Wednesday, June 22, 2011

MOODS: fast search for position weight matrix matches in DNA sequences

http://bioinformatics.oxfordjournals.org/content/25/23/3181.full
http://www.cs.helsinki.fi/group/pssmfind/
http://cs.helsinki.fi/u/prastas/pdf/BIRD-fullC.pdf

J. Korhonen, P. Martinmäki, C. Pizzi, P. Rastas and E. Ukkonen. MOODS: fast search for position weight matrix matches in DNA sequences. Bioinformatics 25(23), pages 3181-3182. (2009)


Summary: MOODS (MOtif Occurrence Detection Suite) is a software package for matching position weight matrices against DNA sequences. MOODS implements state-of-the-art online matching algorithms, achieving considerably faster scanning speed than with a simple brute-force search. MOODS is written in C++, with bindings for the popular BioPerl and Biopython toolkits. It can easily be adapted for different purposes and integrated into existing workflows. It can also be used as a C++ library.

Availability: The package with documentation and examples of usage is available at http://www.cs.helsinki.fi/group/pssmfind.

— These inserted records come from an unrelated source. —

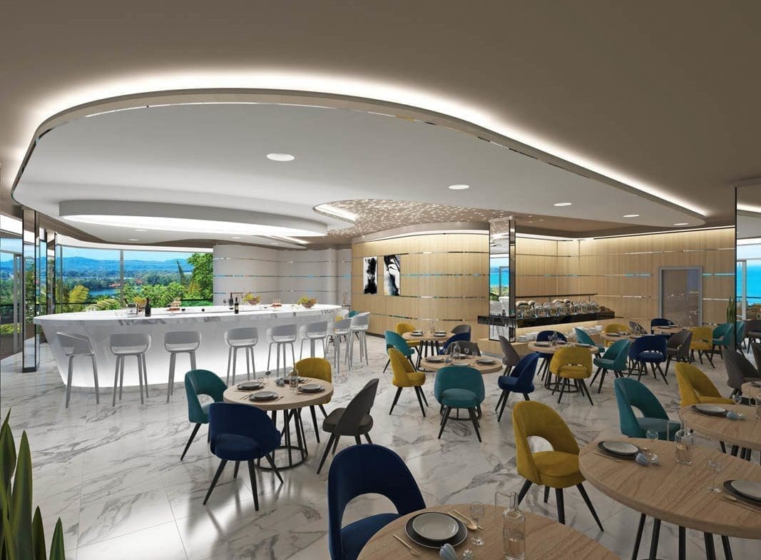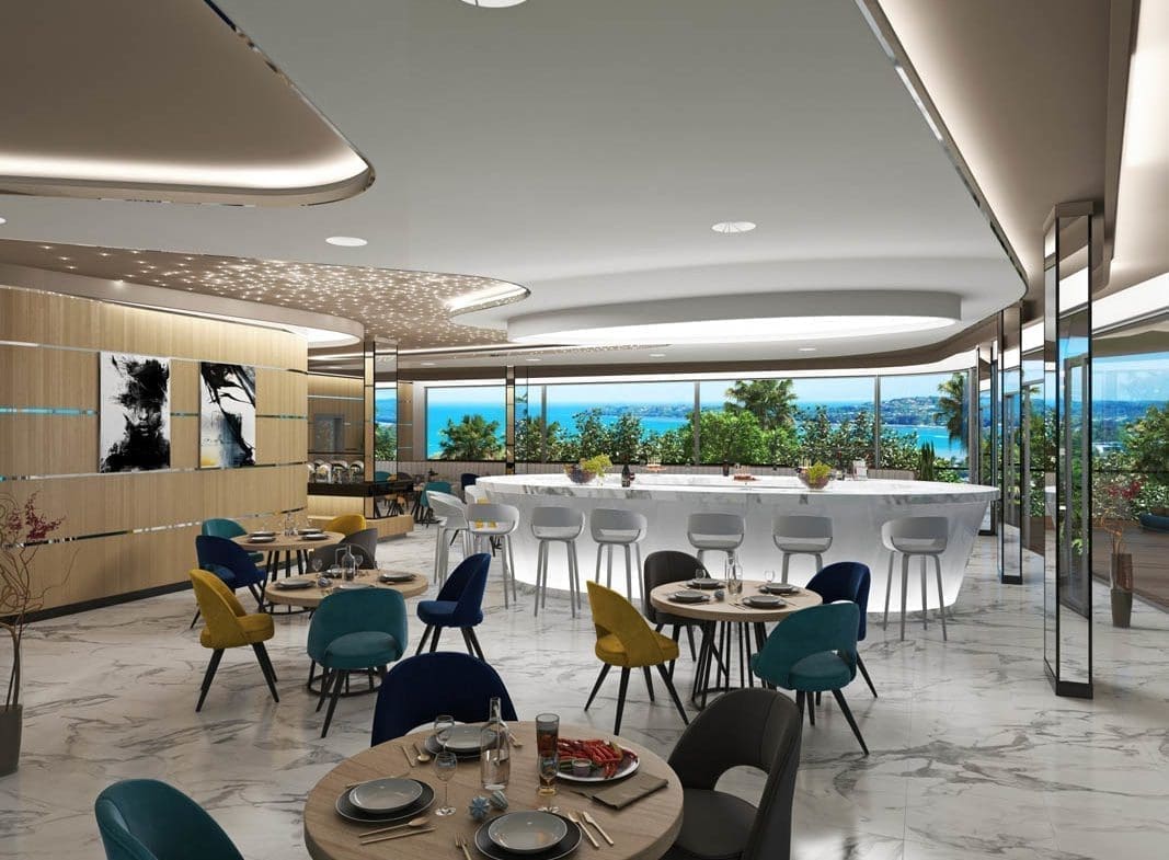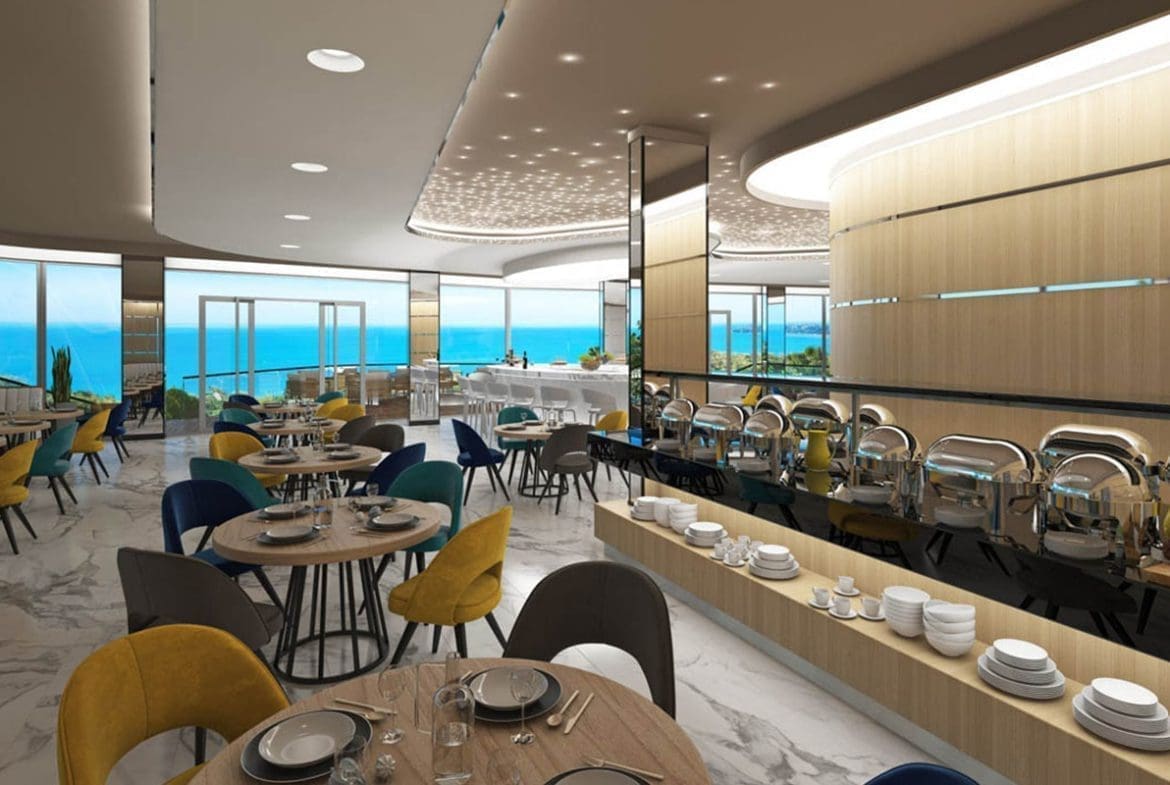 Все квартиры в 5-этажном здании, имеют вид на море и окружающую зелень. Само здание имеет уникальную форму – в виде круизного лайнера.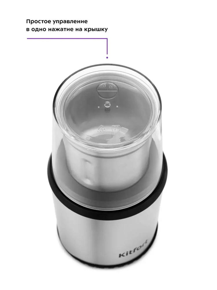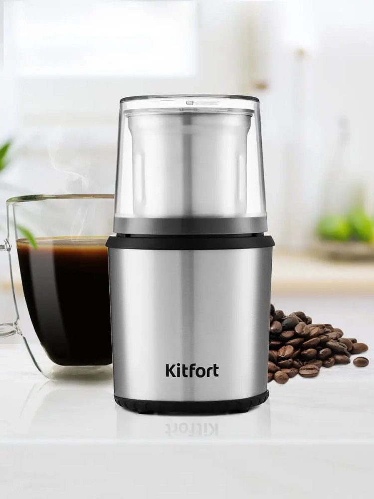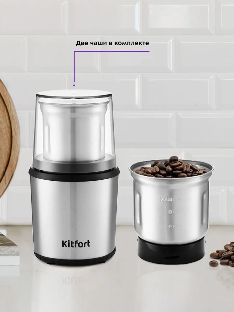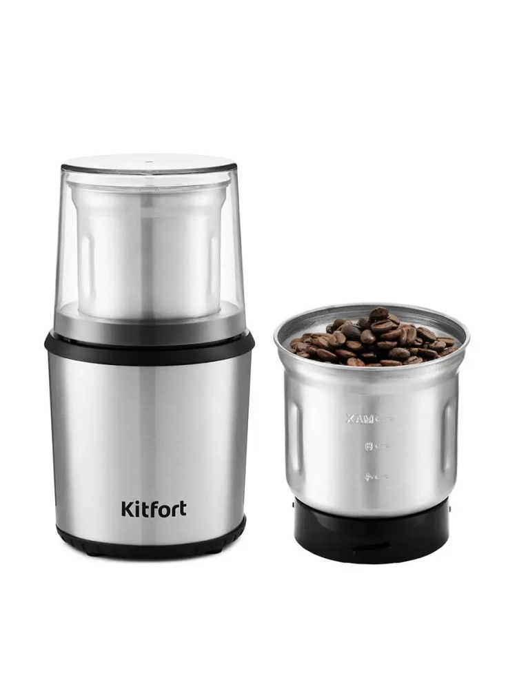 Кофемолка Kitfort КТ-757 предназначена для помола кофейных зерен и измельчения специй. Модель КТ-757 оснащена двумя чашами: чашей для кофе и чашей для специй. В чашах установлены ножи с двумя лезвиями для эффективного измельчения зерен кофе и специй. Эти ножи при включении кофемолки быстро вращаются и рубят зерна. Степень помола зависит от продолжительности. Кофемолка укомплектована прозрачной верхней крышкой и прозрачной крышкой каждой чаши. Корпус кофемолки выполнен из металла с элементами из пластика, а на дне есть специальные прорезиненные нескользящие ножки, которые придают устойчивость прибору во время работы. Кофемолка проста в эксплуатации: нет никаких лишних кнопок, а включается она простым нажатием на верхнюю крышку. Для очищения чаш в комплекте есть ложка-щеточка, на одном конце которой предусмотрена удобная щеточка для чистки ножа и стенок чаши, а ложкой на другом конце можно дозировать количество ингредиентов.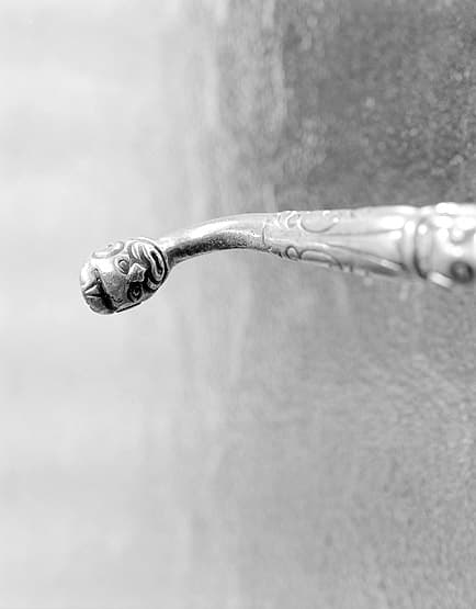 Détail de l'extrémité de la poignée de la porte-fenêtre.

The source code is also available under the terms of a GNU General Public License (GPL).                

  • based on Pizzi et al. 2007, 2009, standard scoring based on PWM scores (log-odds against background (can be user-defined))
  • online algorithm, simple sequential search over target sequence using string matching with lookahead filtration 
    • "we know without seeing the remaining symbols that the m-segment cannot be a match as the total score will be less than k for any choice of the sequence beyond the location h."
  • written in C++, has bindings for BioPerl and BioPython
  • return log-odds score or absolute score thresholds
  • seems to be good for significant p-values for short-avg-length matrices (4-20 bases), DNA
Comments
  • doesn't look like it incorporates  any conservation information
  • even though it's significantly faster than TFBS and can handle more data, I wonder how similar the results are in terms of predicted positions
TFBS BioPerl extension (Lenhard and Wasserman, 2002) - uses naive algorithm


lookahead scoring search
algorithm of [30] already utilizes the filtering idea.